• What needs to be done
Every line below from the one containing "tắc nghẽn. |" through the one containing "Irvine made an" is to be printed exactly, with the pictures omitted.

• Records shown
────────
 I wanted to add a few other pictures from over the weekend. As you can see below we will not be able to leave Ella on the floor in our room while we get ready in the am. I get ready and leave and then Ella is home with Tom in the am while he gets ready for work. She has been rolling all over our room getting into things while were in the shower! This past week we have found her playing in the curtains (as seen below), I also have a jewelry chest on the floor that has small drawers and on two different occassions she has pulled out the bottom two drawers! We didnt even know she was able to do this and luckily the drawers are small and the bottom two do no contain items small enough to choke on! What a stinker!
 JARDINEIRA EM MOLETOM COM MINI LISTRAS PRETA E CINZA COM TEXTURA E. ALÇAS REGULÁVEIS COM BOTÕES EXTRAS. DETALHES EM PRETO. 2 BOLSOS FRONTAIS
────────
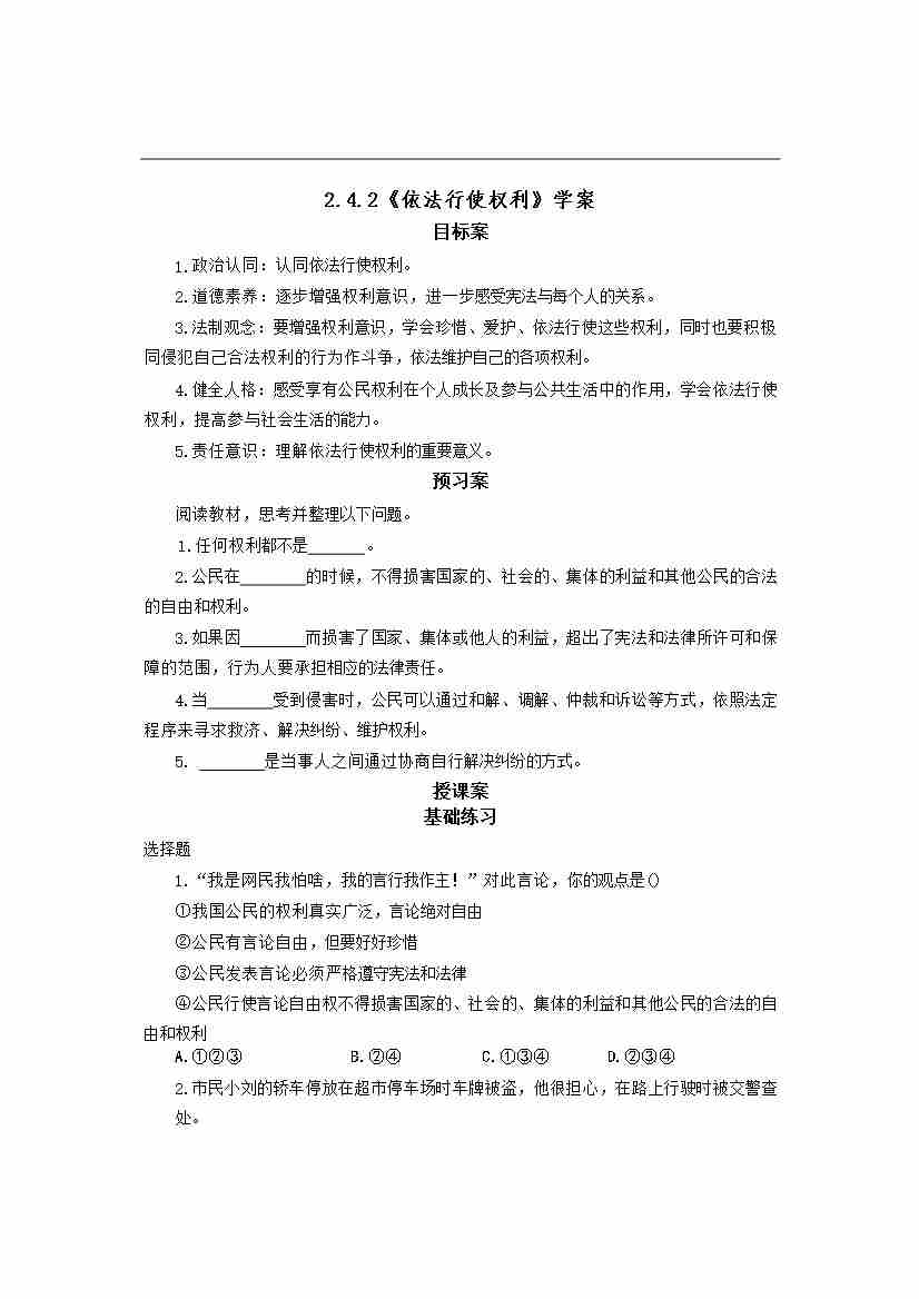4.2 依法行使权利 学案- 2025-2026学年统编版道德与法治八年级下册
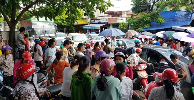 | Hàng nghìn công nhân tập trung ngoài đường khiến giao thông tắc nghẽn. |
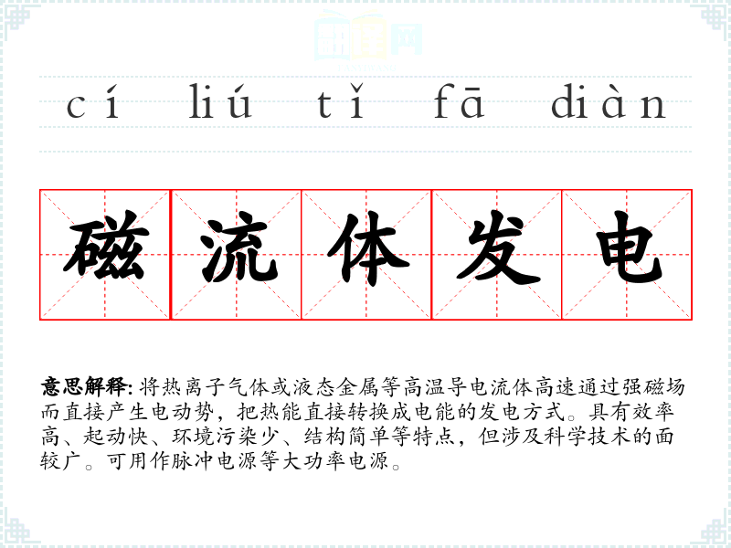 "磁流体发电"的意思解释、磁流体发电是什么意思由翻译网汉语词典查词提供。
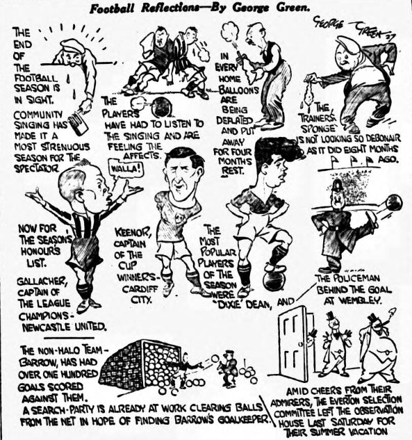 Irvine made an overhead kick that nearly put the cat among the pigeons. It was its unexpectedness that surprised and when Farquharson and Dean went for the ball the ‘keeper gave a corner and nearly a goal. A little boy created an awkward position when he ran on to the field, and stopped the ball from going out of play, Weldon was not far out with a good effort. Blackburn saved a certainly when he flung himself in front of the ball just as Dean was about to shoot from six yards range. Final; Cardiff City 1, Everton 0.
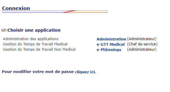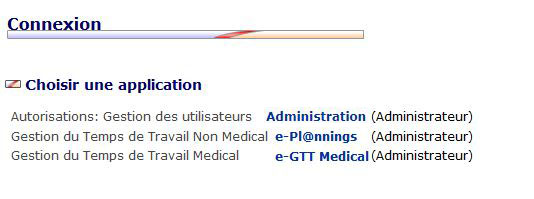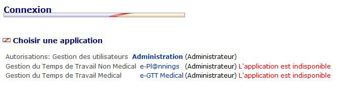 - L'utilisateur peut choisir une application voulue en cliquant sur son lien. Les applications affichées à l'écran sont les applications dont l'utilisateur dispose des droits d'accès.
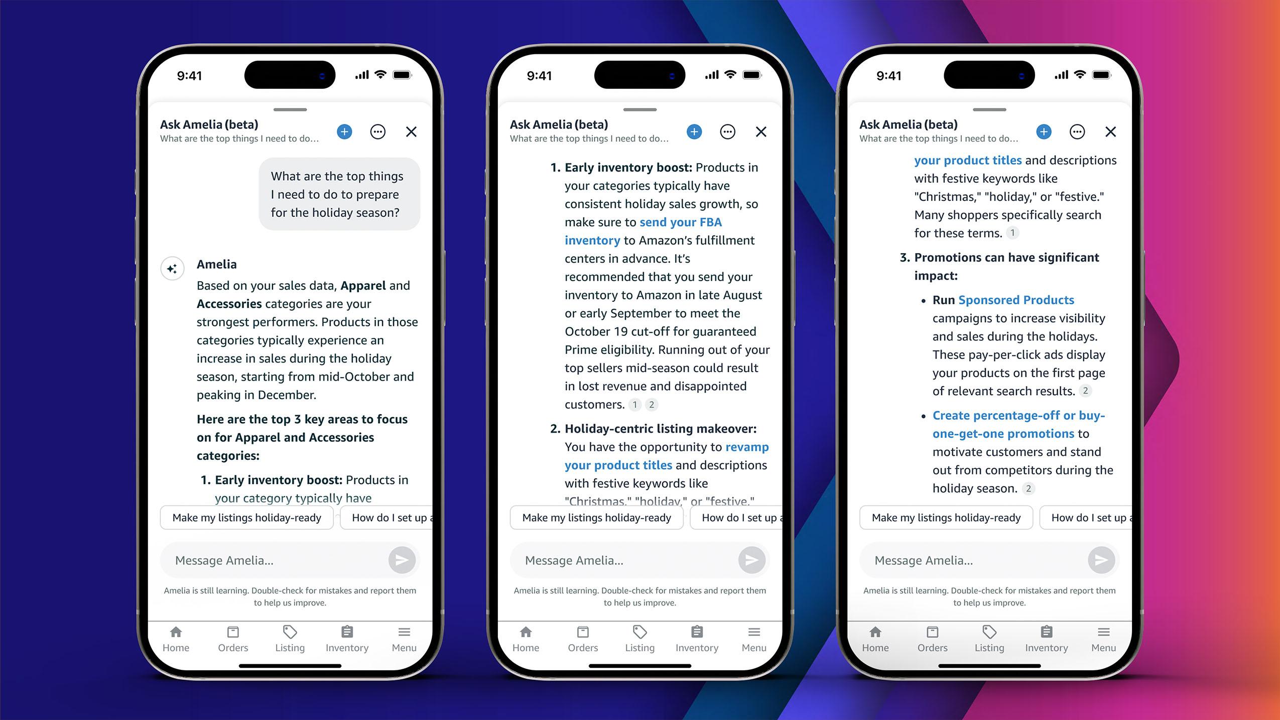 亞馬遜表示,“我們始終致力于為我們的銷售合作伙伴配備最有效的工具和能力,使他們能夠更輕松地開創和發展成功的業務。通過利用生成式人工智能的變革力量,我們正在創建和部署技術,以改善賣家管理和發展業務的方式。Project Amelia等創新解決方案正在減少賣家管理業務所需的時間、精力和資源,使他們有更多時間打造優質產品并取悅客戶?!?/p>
────────
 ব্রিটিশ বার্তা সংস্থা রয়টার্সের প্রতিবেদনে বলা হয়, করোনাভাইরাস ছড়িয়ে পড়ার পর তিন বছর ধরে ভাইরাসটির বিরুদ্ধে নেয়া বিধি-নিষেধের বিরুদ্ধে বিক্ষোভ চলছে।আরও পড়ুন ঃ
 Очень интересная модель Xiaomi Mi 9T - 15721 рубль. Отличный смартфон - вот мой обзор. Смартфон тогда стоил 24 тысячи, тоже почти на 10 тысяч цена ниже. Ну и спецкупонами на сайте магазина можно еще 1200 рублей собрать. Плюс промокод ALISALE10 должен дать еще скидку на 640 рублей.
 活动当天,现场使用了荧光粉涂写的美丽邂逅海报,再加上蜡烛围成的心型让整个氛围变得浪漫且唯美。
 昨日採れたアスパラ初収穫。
────────
• Output of the exercise
 | Hàng nghìn công nhân tập trung ngoài đường khiến giao thông tắc nghẽn. |
 "磁流体发电"的意思解释、磁流体发电是什么意思由翻译网汉语词典查词提供。
 Irvine made an overhead kick that nearly put the cat among the pigeons. It was its unexpectedness that surprised and when Farquharson and Dean went for the ball the ‘keeper gave a corner and nearly a goal. A little boy created an awkward position when he ran on to the field, and stopped the ball from going out of play, Weldon was not far out with a good effort. Blackburn saved a certainly when he flung himself in front of the ball just as Dean was about to shoot from six yards range. Final; Cardiff City 1, Everton 0.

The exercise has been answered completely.